● **Goal of the exercise**:
Take every line containing "with" from the material and copy it.

● **Dataset entries**:
☆ ☆ ☆ ☆
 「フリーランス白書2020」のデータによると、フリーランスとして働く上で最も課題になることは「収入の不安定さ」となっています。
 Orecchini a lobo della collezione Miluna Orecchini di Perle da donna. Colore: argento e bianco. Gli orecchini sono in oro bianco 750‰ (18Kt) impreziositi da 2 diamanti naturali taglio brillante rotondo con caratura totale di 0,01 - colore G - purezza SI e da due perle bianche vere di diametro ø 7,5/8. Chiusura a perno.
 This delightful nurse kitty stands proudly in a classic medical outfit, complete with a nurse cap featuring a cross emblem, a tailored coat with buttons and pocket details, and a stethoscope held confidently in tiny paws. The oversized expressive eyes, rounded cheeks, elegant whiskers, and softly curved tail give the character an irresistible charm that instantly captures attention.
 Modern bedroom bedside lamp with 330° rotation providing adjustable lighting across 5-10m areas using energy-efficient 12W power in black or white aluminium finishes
☆ ☆ ☆ ☆
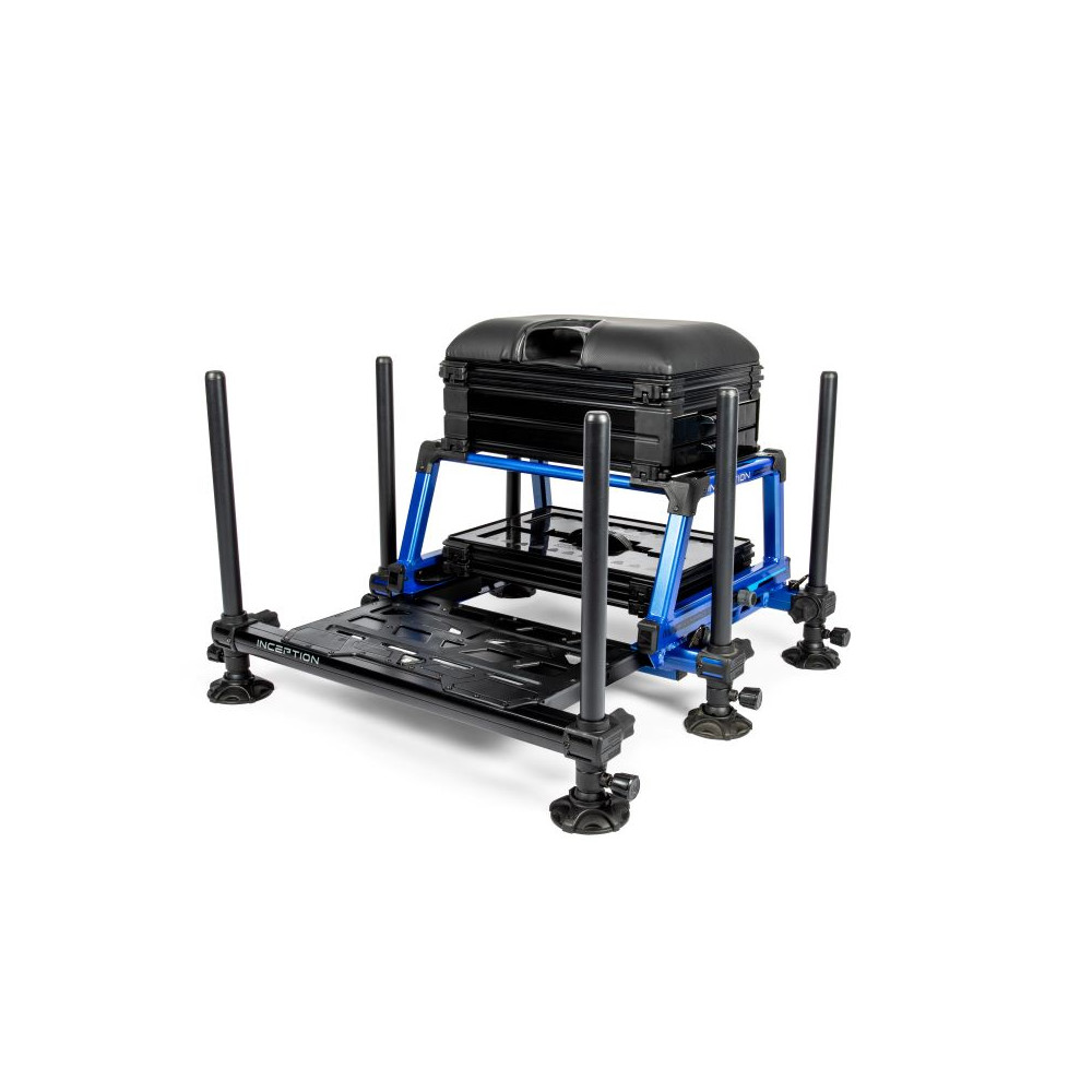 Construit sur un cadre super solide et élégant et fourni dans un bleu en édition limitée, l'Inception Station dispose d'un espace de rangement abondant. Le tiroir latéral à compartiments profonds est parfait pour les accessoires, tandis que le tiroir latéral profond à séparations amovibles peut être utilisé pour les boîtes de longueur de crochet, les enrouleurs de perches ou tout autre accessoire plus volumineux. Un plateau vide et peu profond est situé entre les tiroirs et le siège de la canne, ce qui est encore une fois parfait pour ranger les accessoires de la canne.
☆ ☆ ☆ ☆
● **Task output**:
 This delightful nurse kitty stands proudly in a classic medical outfit, complete with a nurse cap featuring a cross emblem, a tailored coat with buttons and pocket details, and a stethoscope held confidently in tiny paws. The oversized expressive eyes, rounded cheeks, elegant whiskers, and softly curved tail give the character an irresistible charm that instantly captures attention.
 Modern bedroom bedside lamp with 330° rotation providing adjustable lighting across 5-10m areas using energy-efficient 12W power in black or white aluminium finishes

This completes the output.